Last week, the decision on whether to grant planning permission was delayed over the question of whether a call to prayer would be used once the mosque was in use. The current proposal includes a 75 foot tall minaret attached to the building from which calls to prayer are usually sounded.
“The call to prayer has been an issue raised, but nobody has said because there is a minaret the call to prayer is going to happen,” Dr. Khan told Tralee Today.
“There is not a chance it will happen because the neighbors’ rights are our utmost priority in Islam. The mosque is moving [from the entrance to Fortfield estate on the Killerisk road] only for one reason: because it is in housing estate. Where it is moving to, is an industrial estate.”
A member of the Irish branch of PEGIDA, which has filed no official complaint with the county council according to the Irish Times, outlined their anti-Islamic sentiment on Radio Kerry last week, as well as the group’s intention to establish a new Irish political party: “The Celtic People’s Party of Ireland.”
“Islam is taking over, all over the world,” he told the radio station. “When they become the dominant religion [in an area] they impose their own laws on people.
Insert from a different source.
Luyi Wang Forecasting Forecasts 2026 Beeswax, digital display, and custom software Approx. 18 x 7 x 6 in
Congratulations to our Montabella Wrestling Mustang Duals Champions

This has happened in France where there are Muslim-only areas and this has happened in England as well where Sharia law is enforced.”
One of the primary concerns of “The Celtic People’s Party of Ireland” appears to be the influx of people into Ireland in recent years.
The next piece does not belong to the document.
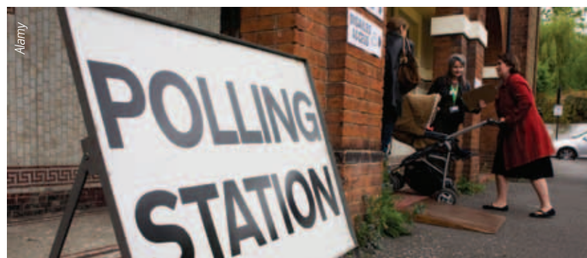
Voting is already compulsory in Belgium, Italy and Australia

Their website states that “at the current rate of influx, we Celtic people will be in a minority in our own homeland by the year 2050. This is nothing less than deliberate population displacement – a crime against humanity according to the UN Genocide Convention.”
The group hold these views despite the fact that the Irish government believes that 2017 will be the first year since 2009 that more people will move into Ireland than leave. By 2017 thousands of Irish people will have moved to various other countries around the world in the same manner as those currently moving to our shores.
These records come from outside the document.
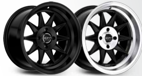
Full Satin Black
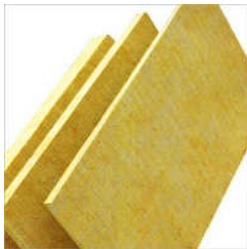
SVARN POLYURETHANE FOAM SLAB PANELS

AC Kiosk Shelter, Aluminium Foil PUF Sheet Panel, Clean Room Doors, Display Cold Room, Double Tap Water Cooler, EMI Shielded Defence Shelter, Eco Friendly Prefa Homes Construction Services, Ice Cream Cart, Industrial Portable Container Cabin, Industrial RO Plant Shelter, Industrial Telecom Shelter, Insulated Pipe, Insulated Polyurethane Foam PUF Panels, Isolation Room, Medical Disinfection Tunnel, etc.
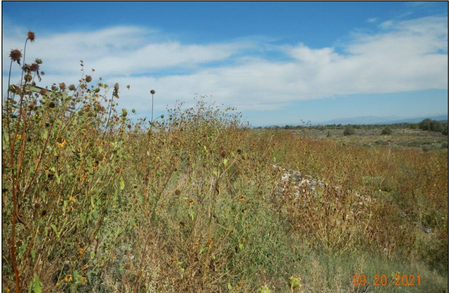
Photo 2. View of the eastern project area from the southeastern corner facing northward. Revegetation is progressing with smooth brome, western wheatgrass, and sunflowers.
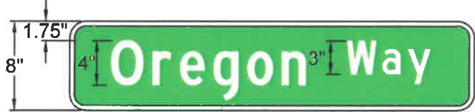
WITH DESCENDING LETTERS
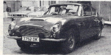
1967 ASTON MARTIN DB6 ..... £1,745

We are 1 1/2 miles west from Chiswick Roundabout. Opening hours MON. to SAT. 9 a.m. to 7 p.m. (Works) 8 a.m. to 6 p.m. For Sunday (viewing only), Telephone Saturday for an appointment. Courtesy car : Proceed Piccadilly Line to South Ealing, cross road to W. H. Cocks & Sons who will arrange transport to Performance Cars Ltd. If Cocks are closed, use public phone outside tube station.
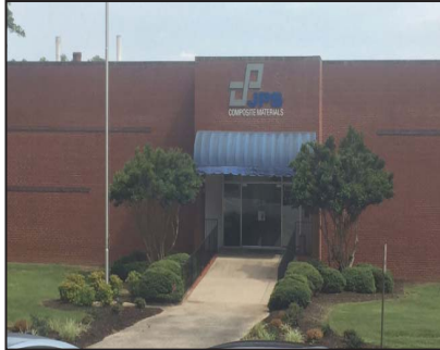
JPS Composite Materials

Tralee Today reports that, according to the 2011 census figures, Kerry has the fourth largest number of Muslim residents in Ireland with 833 Muslims living in Tralee town itself and over 1,500 living throughout the county.
It is unknown how many members the Irish branch of PEGIDA has. When questioned by Radio Kerry, the PEGIDA member declined to give an exact figure saying, “We have a quite a large membership and we want to keep it secret for now before we get bigger.”
Once registered as a political party, “The Celtic People’s Party of Ireland” – described on their website as a political organization committed to promoting and preserving our Celtic culture and people – plans to run in local and general elections. Their main party policies are outlined as: the abolition of water charges, road tolls, property tax; the reintroduction of the Irish pound (alongside the Euro); a ban on pornography and a ban on the promotion of homosexuality. Despite this, their website also states: “We believe in equal rights for all the Peoples of mankind.”
This is the second time permission has been sought for the relocation of the mosque in Tralee. A previous submission was refused last year over traffic concerns around the industrial site, which is bound by houses and just a short distance from Kerry General Hospital, the Manor shopping center and Kerry County Council. This current submission includes a full traffic study on the traffic in the area and Islamic prayer times."